The data that I currently have resembles something like the table below:
Station A operates from 12AM to 1AM, Station B operates from 1AM to 2AM and Station C operates from 2AM onwards.
Date Time | Station | Entries | Exits |
---|---|---|---|
2023-01-01 00:00:00 | Station A | 1 | 1 |
2023-01-01 01:00:00 | Station A | 1 | 1 |
2023-01-01 01:00:00 | Station B | 2 | 2 |
2023-01-01 02:00:00 | Station B | 2 | 2 |
2023-01-01 02:00:00 | Station C | 3 | 3 |
I would like to add in additional rows so that my dataframe holds 'n' rows at each unique hour frequency, where n is the number of unique Stations.

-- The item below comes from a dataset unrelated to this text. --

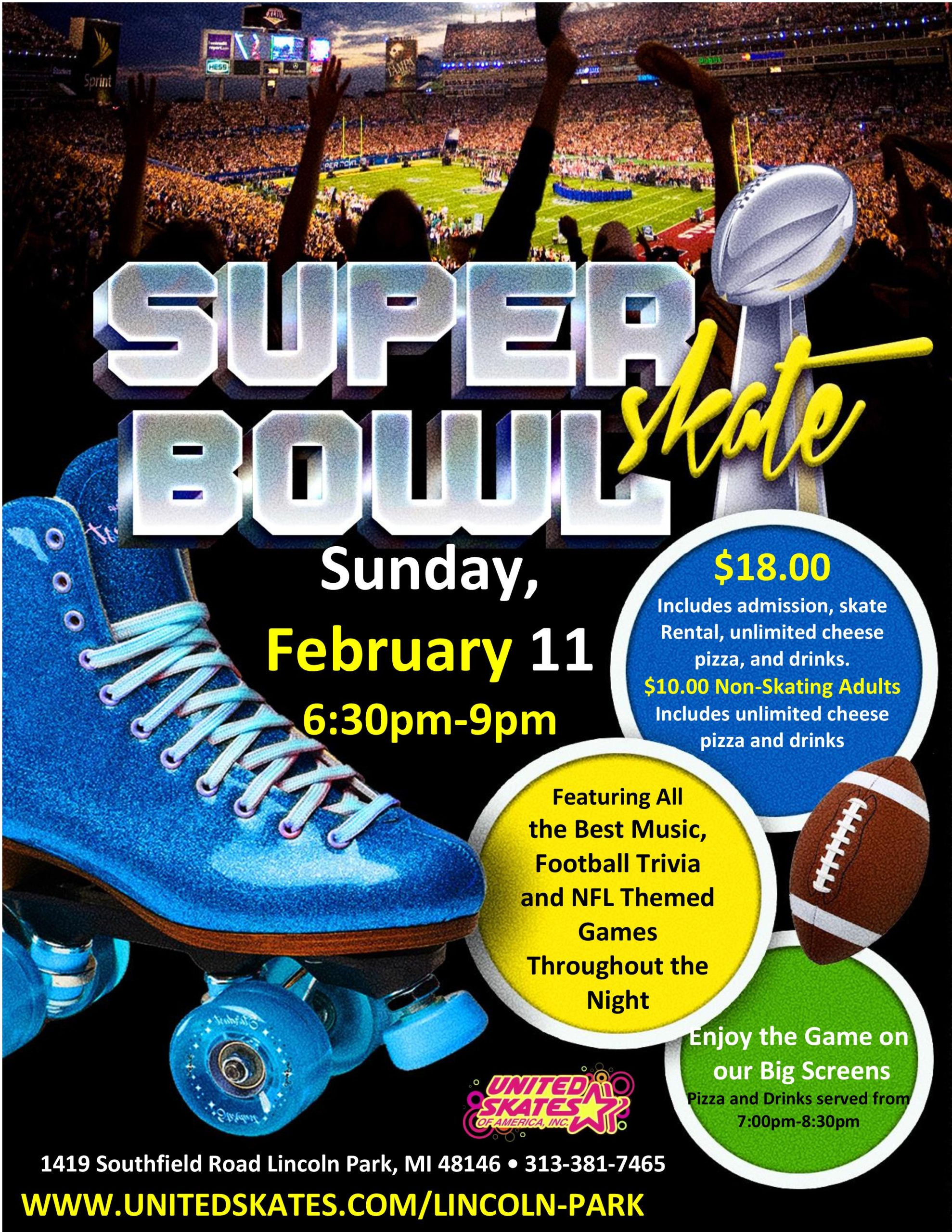 Who is ready for Football?! We are giving the Kids a chance to show off their Team Spirit!! We want to see you ALL dressed up in your favorite football team gear! We even will have Football Carnival Games!! Sunday, February 11th 12:30pm-3:00pm Admission only $15.00 includes admission, skate rental, a slice of cheese pizza […]

In this example it would mean 3 rows (for Stations A, B, C) for 12AM, 1AM and 2AM for a total of 9. What pandas functions can I use to convert the above table to a format similar to the one below?
Date Time | Station | Entries | Exits |
---|---|---|---|
2023-01-01 00:00:00 | Station A | 1 | 1 |
2023-01-01 00:00:00 | Station B | 0 | 0 |
2023-01-01 00:00:00 | Station C | 0 | 0 |
2023-01-01 01:00:00 | Station A | 1 | 1 |
2023-01-01 01:00:00 | Station B | 2 | 2 |
2023-01-01 01:00:00 | Station C | 0 | 0 |
2023-01-01 02:00:00 | Station A | 0 | 0 |
2023-01-01 02:00:00 | Station B | 2 | 2 |
2023-01-01 02:00:00 | Station C | 3 | 3 |
Also including code for generating the initial dataframe below for ease of reference.
df = pd.DataFrame(
{'Date Time':pd.to_datetime(['2023-01-01 00:00:00', '2023-01-01 01:00:00',
'2023-01-01 01:00:00', '2023-01-01 02:00:00',
'2023-01-01 02:00:00']),
'Station':['Station A', 'Station A', 'Station B', 'Station B', 'Station C'],
'Entries':[1, 1, 2, 2, 3],
'Exits':[1, 1, 2, 2, 3]}
)
I've tried using groupby and resampling with hourly frequency, but although this fills in the gaps for hours in between, it does not backfill (i.e. adding additional rows for Station C for the hours of 12 and 1 AM).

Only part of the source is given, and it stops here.